Também considero necessária maior celeridade no processo de troca da bomba, pois a falta dela  por quase um mês coloca em risco a saúde e a vida do usuário, como demonstra o meu gráfico glicêmico. 

Desconheço os motivos do esgotamento do estoque - uma aposta na crise econômica brasileira que não se confirmou, um grande número de bombas com defeito que exigiu a troca por todas as disponíveis para venda, ou até mesmo problemas com importação do produto. Mas nenhuma justificativa legitima a suspensão por tanto tempo de um tratamento necessário à manutenção do controle glicêmico e à segurança da pessoa com diabetes.

Felizmente, a Medtronic é bastante aberta ao diálogo com seus usuários e, em várias oportunidades se coloca à disposição para o esclarecimento de dúvidas através de seus representantes. Assim, enviarei o link desse post para a empresa e solicitarei informações sobre o ocorrido, através de nota de esclarecimento mencionada acima.

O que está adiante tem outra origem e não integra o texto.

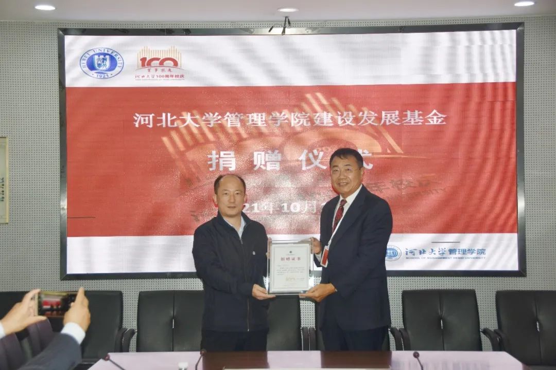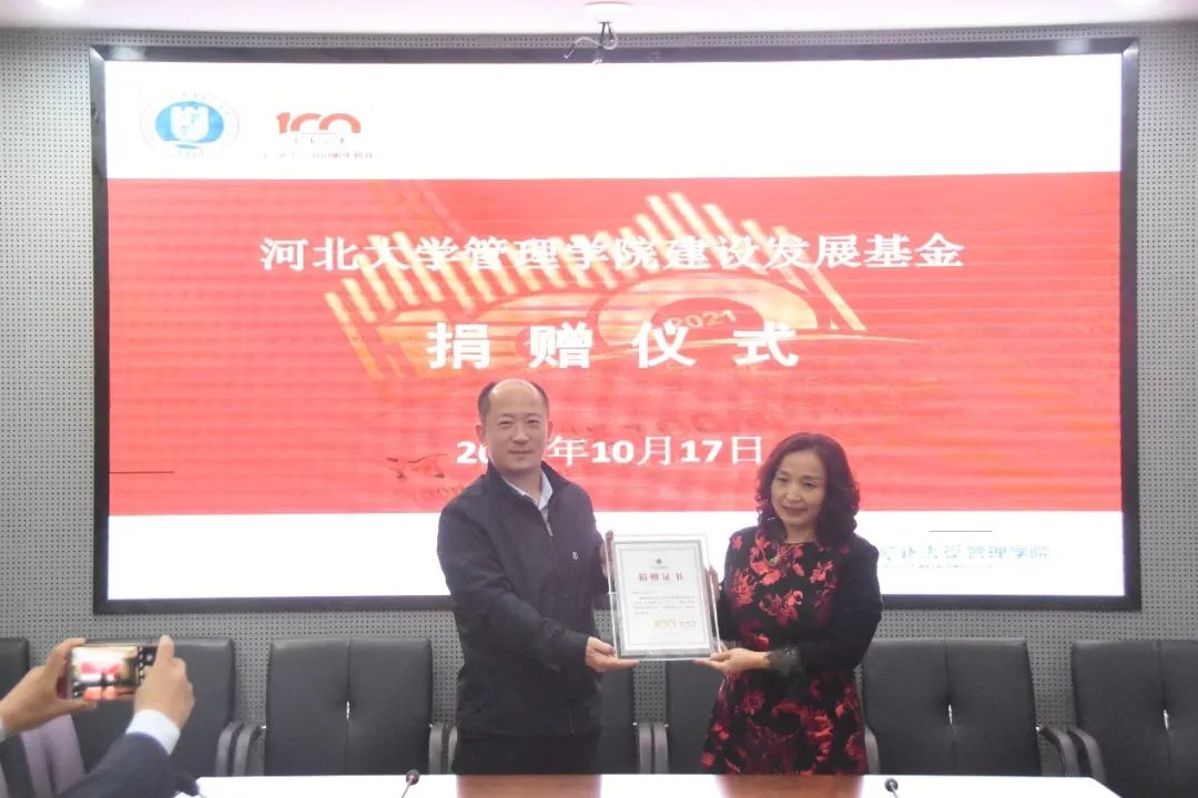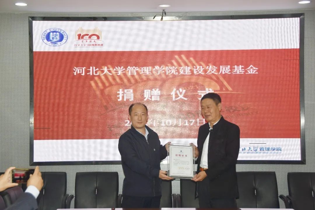 10月17日下午,best365网页版登录在七一路校区B1 217会议室举行了百年校庆校友捐赠仪式。石家庄旺泽商贸有限公司总经理王启天先生,石家庄辉煌园艺有限公司董事长张艳女士,河北帅康座椅有限公司董事长昝贺伏先生,河北大学期刊社社长闫树涛,best365网页版登录领导班子出席仪式。best365网页版登录副书记、副院长马辉主持仪式。

Também entrarei em contato com a ANVISA para que o órgão verifique se há necessidade de análise de algumas amostras do produto para eventuais providências, como também mencionadas antes (emissão de alerta e recall).

Recebendo as respostas, escrevo um novo texto com o desfecho do problema com o defeito do botão da bomba 722.